Russia’s Constitution contains an extensive catalogue of rights (Ch 2), but their enforcement depends on independent courts, which is constrained by political pressures. The Constitutional Court hears individual complaints, and the 2020 amendments provided constitutional status to traditional values and asserted the primacy of the Russian Constitution over international human rights body decisions.
China’s Constitution enumerates both rights and duties (Ch 2), but these are framed as programmatic rather than directly enforceable. No individual constitutional complaint mechanism exists. The socialist rule-of-law concept emphasises law’s function in maintaining social stability and Party leadership rather than constraining state power.

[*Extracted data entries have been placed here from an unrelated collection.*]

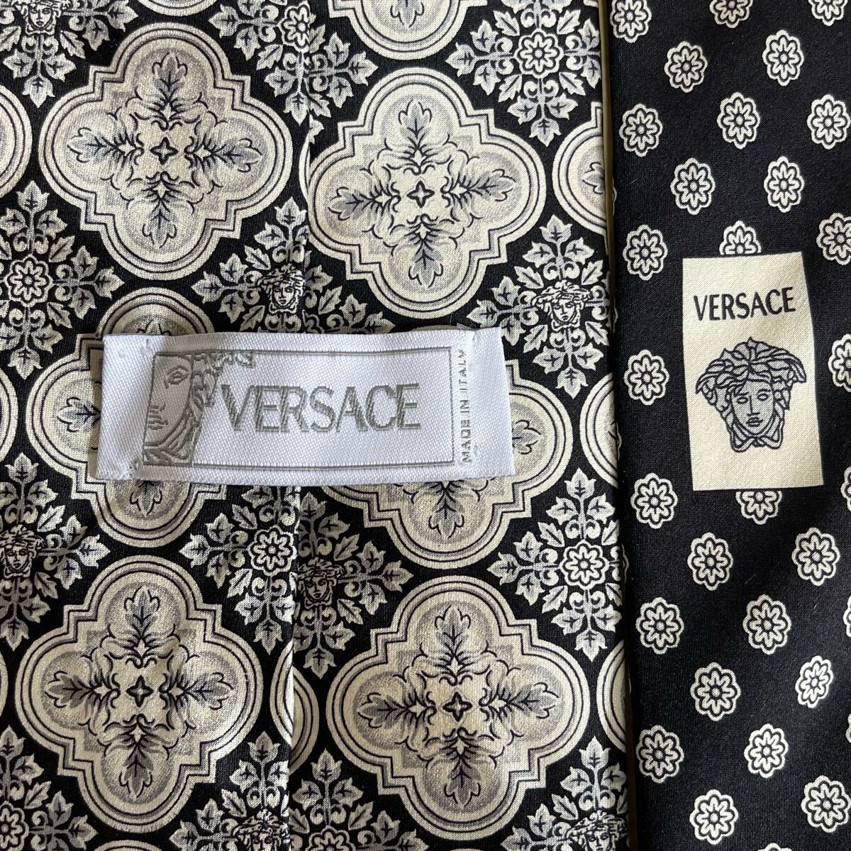 - VERSACE (ヴェルサーチェ)ヴェルサーチシルバー黒草メデューサロゴ模様ネクタイ
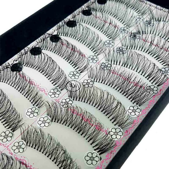 Caixa com 10 pares de cílios postiços com certas de fibra artificial.
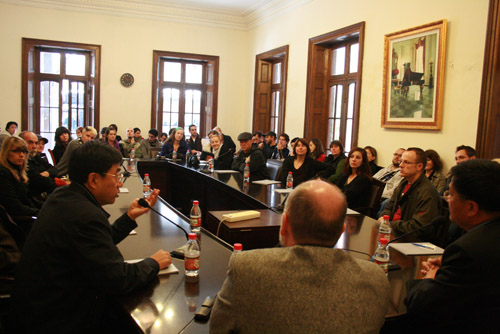 会面后,双方在我院佛西楼会议室举行座谈会,我院部分师生参加了座谈。会上葛朗老师详细介绍了我院的综合校情,并热情回答了代表团成员的提问。
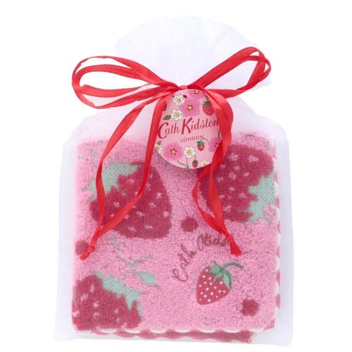 大きないちご柄がめ目を引くタオルはふわふわで
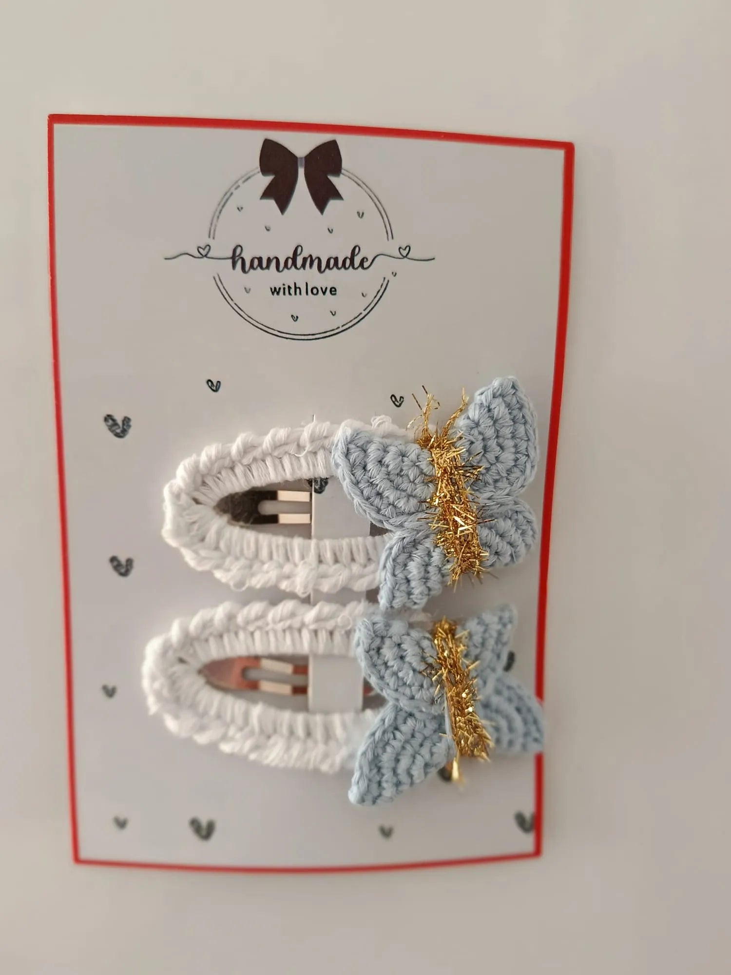 El emeğiyle örülmüş kelebek figürlü tokalar, saçlara masalsı bir şıklık katar. Açık mavi kanatlar ve altın sarısı parlak detaylar, beyaz örgü kaplamalı tokayla birleşerek zarif bir görünüm sunar. Günlük kullanımda sade bir şıklık, özel günlerde ise göz alıcı bir tamamlayıcı olarak öne çıkar.Tokaların metal klipsleri örgü ip ile kaplanmış, üzerine işlenen kelebek motifleri ince el işçiliğiyle hazırlanmıştır. Hem çocukların hem de yetişkinlerin severek kullanabileceği bu model, farklı ve sevimli bir hediye alternatifi de olabilir.Ürün Özellikleri:El yapımıdır.Açık mavi kelebek motifli tasarıma sahiptir.Kelebek gövdesinde altın sarısı ışıltılı ip kullanılmıştır.Zemin kısmı beyaz örgü ip ile kaplanmıştır.Sağlam metal klips uzun ömürlü kullanım sağlar.Çocuk ve yetişkin kullanımına uygundur.İkili set halinde gönderilmektedir.
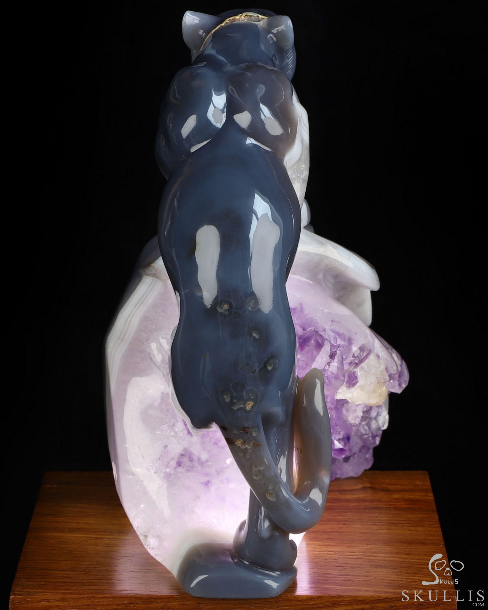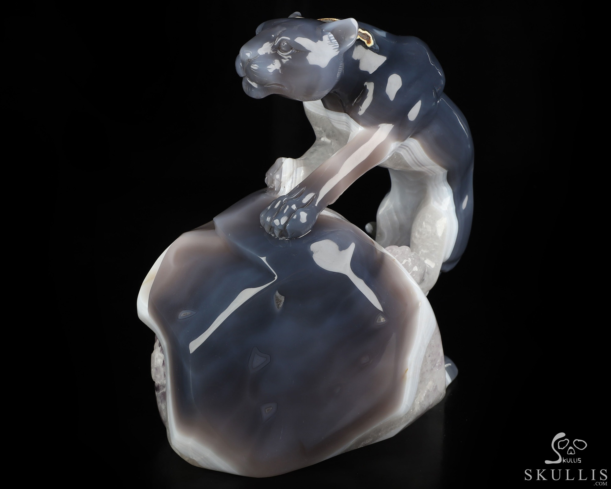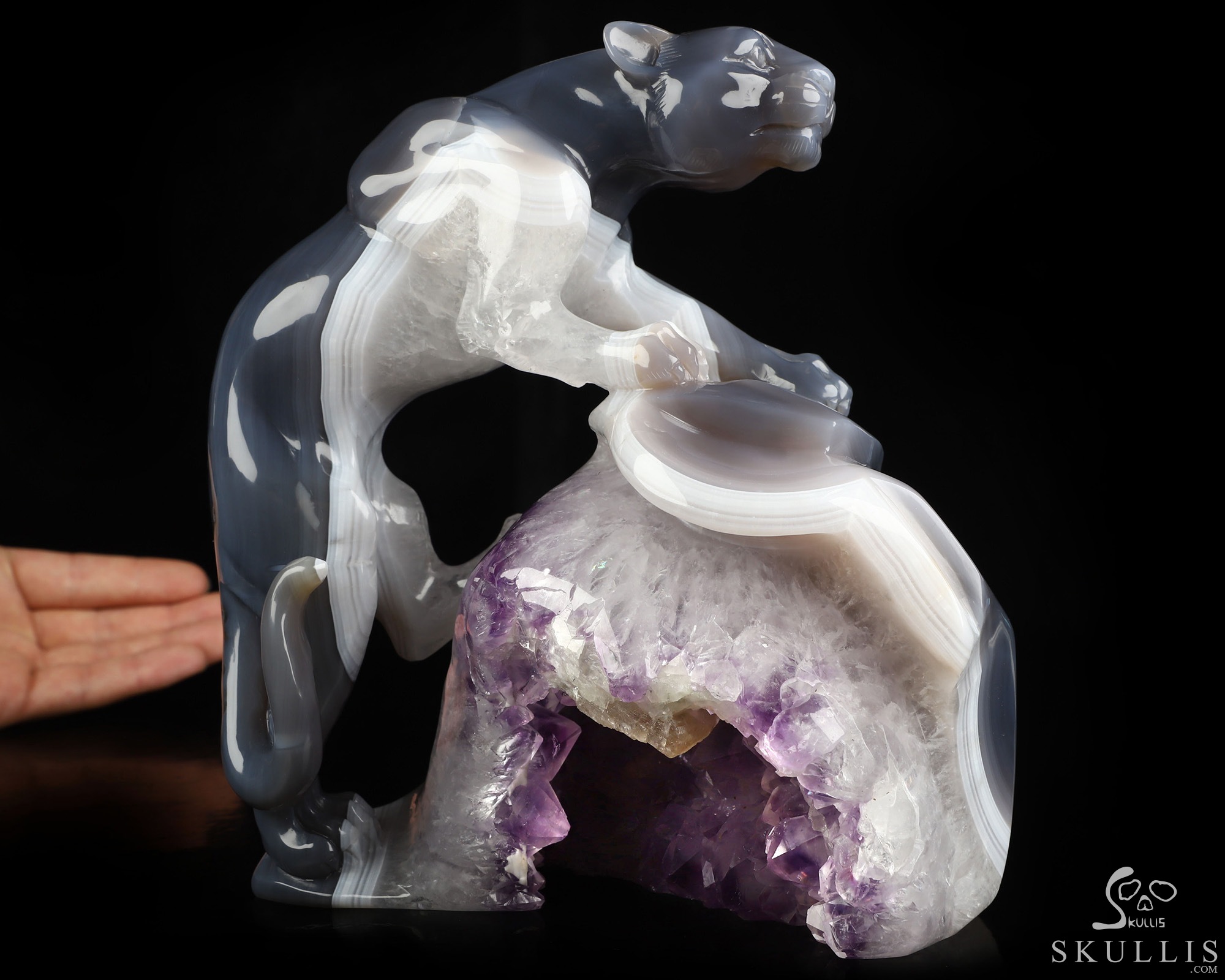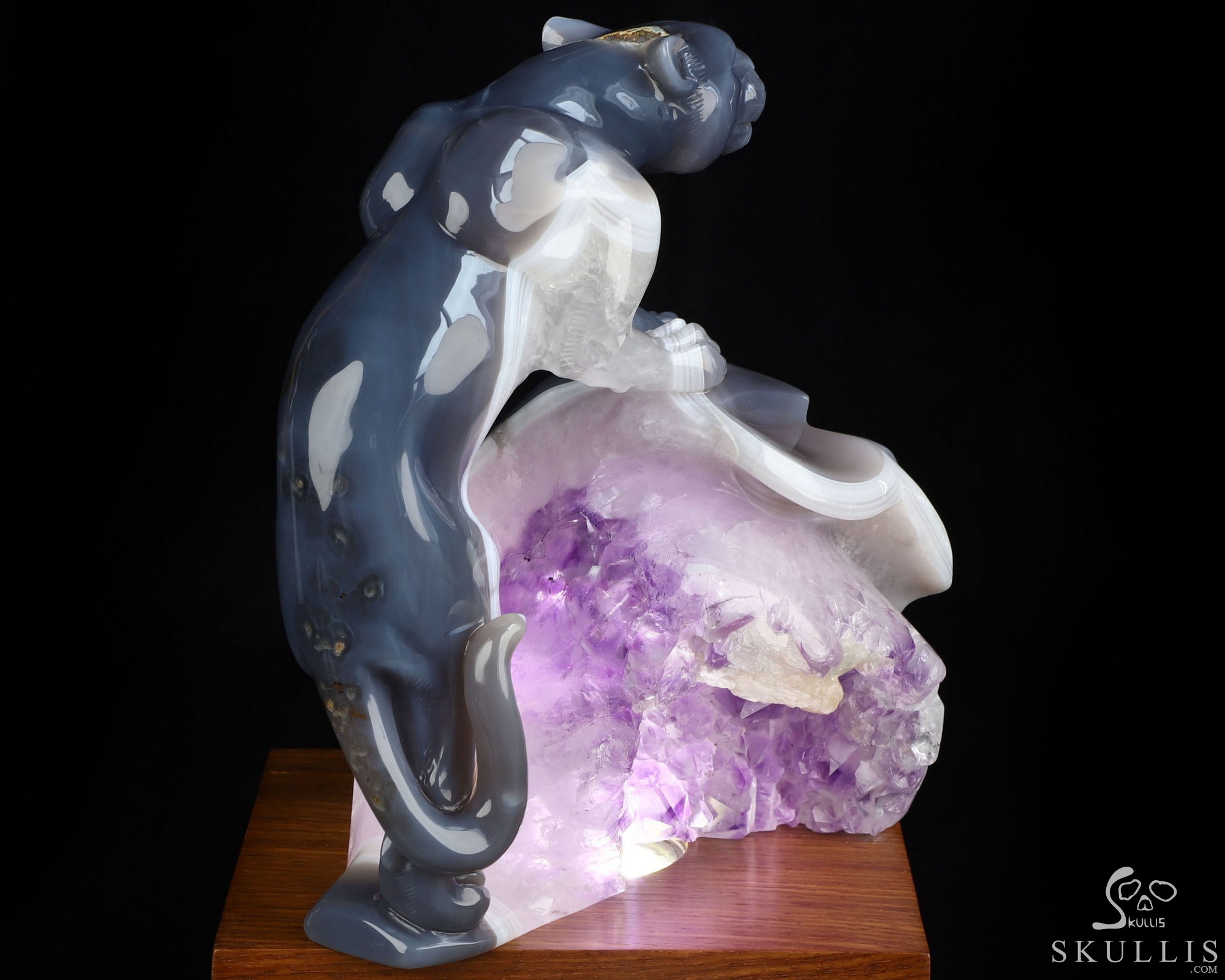 7.7" Agate Amethyst Geode Hand Carved Crystal Leopard Fine Art Sculpture, Crystal Healing

The EU Charter of Fundamental Rights (2009) binds EU institutions and member states when implementing EU law (Art 51(1)). The CJEU enforces Charter rights, notably privacy rights in Google Spain (2014) and the right to an effective remedy. Accession of the EU to the European Convention on Human Rights remains pending following Opinion 2/13 (2014).
Conclusion
Comparative constitutional law reveals a spectrum from robust judicial enforcement (Germany, US) through dialogue-based models (UK, France post-QPC) to state-controlled constitutional supervision (Russia, China). The global trend toward constitutionalisation — evidenced by the spread of constitutional courts, proportionality analysis, and rights catalogues — coexists with persistent divergence in constitutional enforcement and political constraint on judicial power. Understanding these differences is essential for any transnational legal practice or constitutional design exercise.